* [Material to process]
=== Section Start ===
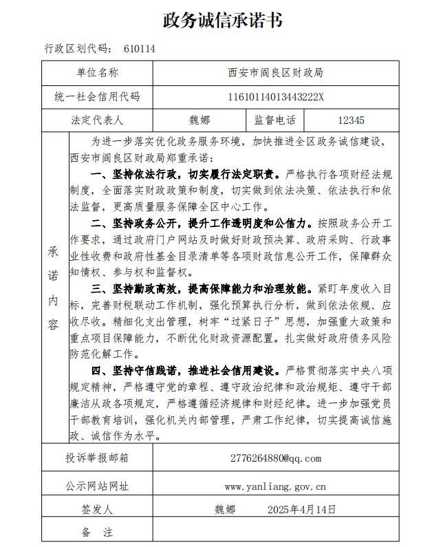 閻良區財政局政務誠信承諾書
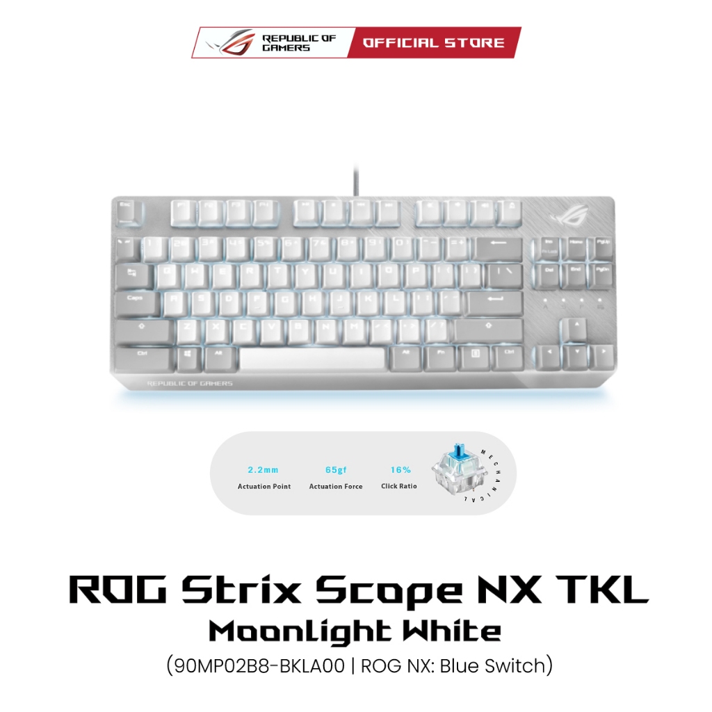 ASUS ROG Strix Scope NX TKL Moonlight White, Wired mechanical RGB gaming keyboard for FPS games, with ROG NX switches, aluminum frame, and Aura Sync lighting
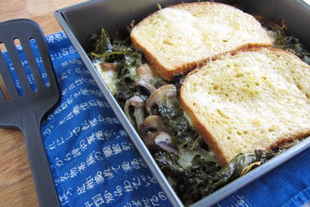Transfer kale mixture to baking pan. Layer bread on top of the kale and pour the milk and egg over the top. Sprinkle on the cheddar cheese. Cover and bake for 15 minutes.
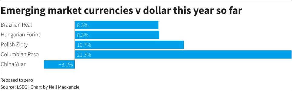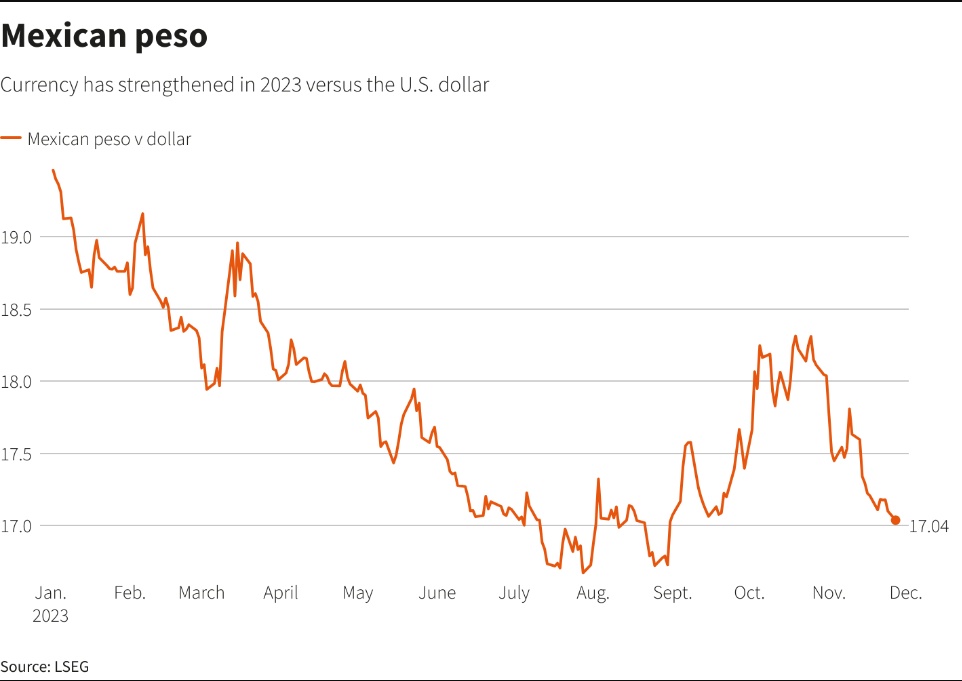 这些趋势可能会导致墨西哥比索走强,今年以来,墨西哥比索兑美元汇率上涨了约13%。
=== Section End ===
=== Section Start ===
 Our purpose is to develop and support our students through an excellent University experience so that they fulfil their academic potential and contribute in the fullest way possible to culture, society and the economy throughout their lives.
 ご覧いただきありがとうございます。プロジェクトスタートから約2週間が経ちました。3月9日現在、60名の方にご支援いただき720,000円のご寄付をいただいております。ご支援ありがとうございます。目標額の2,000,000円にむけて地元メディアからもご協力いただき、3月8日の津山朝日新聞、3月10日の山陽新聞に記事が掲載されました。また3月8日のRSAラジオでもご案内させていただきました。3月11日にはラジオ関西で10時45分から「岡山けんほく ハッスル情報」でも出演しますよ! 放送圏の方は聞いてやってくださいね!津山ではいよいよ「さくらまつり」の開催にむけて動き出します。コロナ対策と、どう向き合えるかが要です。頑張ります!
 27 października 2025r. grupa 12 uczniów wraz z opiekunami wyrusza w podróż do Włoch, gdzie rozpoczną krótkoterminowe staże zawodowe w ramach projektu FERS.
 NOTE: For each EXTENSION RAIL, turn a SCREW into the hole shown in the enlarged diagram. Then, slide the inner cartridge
=== Section End ===
=== Section Start ===
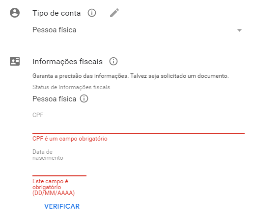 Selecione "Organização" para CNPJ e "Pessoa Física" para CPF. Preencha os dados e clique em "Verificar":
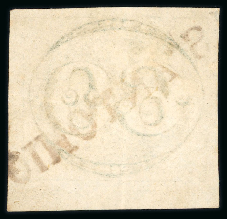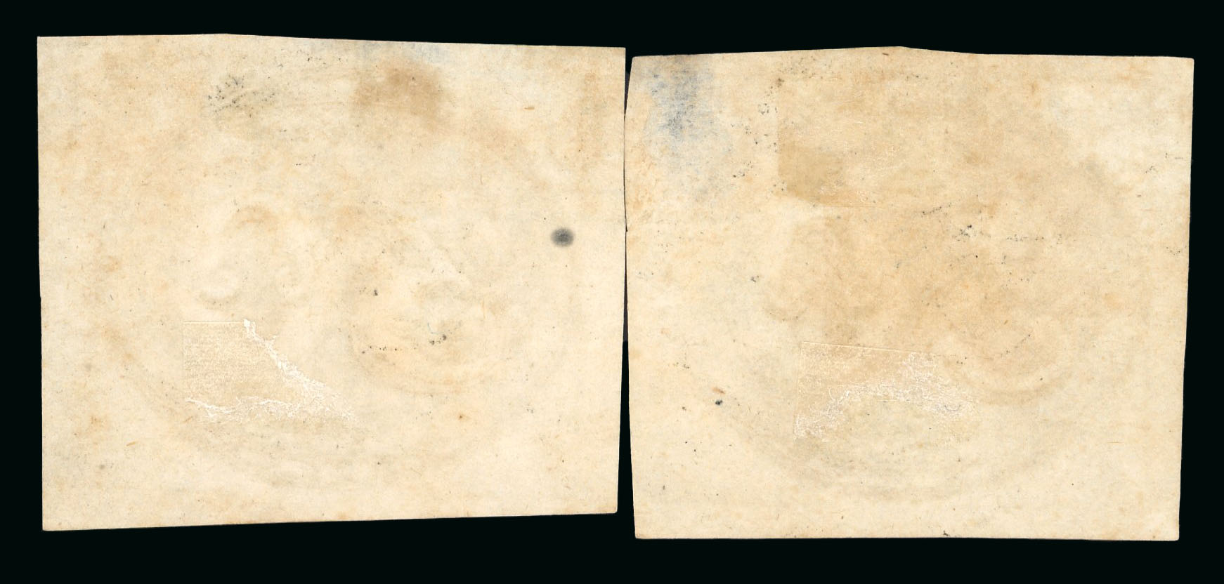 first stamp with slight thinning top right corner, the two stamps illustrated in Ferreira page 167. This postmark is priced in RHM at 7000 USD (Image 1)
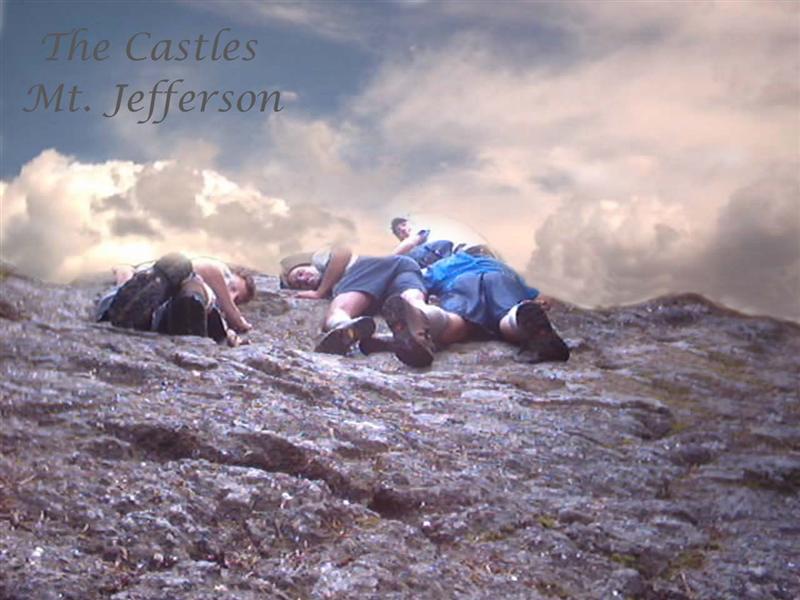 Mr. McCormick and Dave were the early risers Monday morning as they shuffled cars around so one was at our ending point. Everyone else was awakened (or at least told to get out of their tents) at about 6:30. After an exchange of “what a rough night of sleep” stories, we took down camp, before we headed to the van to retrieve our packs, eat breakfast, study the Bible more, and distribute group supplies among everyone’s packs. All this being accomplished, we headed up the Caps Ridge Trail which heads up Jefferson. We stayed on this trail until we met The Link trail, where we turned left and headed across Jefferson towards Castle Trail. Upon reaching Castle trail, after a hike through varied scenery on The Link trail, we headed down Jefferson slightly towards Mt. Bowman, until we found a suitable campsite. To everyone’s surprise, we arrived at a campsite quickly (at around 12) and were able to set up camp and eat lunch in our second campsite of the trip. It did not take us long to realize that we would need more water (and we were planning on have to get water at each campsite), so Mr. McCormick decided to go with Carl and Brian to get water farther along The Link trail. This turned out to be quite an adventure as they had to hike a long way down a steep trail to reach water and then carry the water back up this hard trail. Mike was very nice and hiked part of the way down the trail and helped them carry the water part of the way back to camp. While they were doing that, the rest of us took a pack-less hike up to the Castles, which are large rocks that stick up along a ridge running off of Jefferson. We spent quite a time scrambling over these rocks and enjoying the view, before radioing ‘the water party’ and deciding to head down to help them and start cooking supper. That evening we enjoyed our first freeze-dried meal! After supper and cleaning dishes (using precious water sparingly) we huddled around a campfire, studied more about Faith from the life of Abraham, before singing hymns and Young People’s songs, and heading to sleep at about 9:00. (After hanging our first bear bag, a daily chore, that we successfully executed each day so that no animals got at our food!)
=== Section End ===
* [Your objective] Start at the line above containing "閻良區財政局政務誠信承諾書" and stop at the line containing "这些趋势可能会导致墨西哥比索": print those lines and everything between them exactly, but not the pictures.

* [Result for this task]
 閻良區財政局政務誠信承諾書
 ASUS ROG Strix Scope NX TKL Moonlight White, Wired mechanical RGB gaming keyboard for FPS games, with ROG NX switches, aluminum frame, and Aura Sync lighting
Transfer kale mixture to baking pan. Layer bread on top of the kale and pour the milk and egg over the top. Sprinkle on the cheddar cheese. Cover and bake for 15 minutes.
 这些趋势可能会导致墨西哥比索走强,今年以来,墨西哥比索兑美元汇率上涨了约13%。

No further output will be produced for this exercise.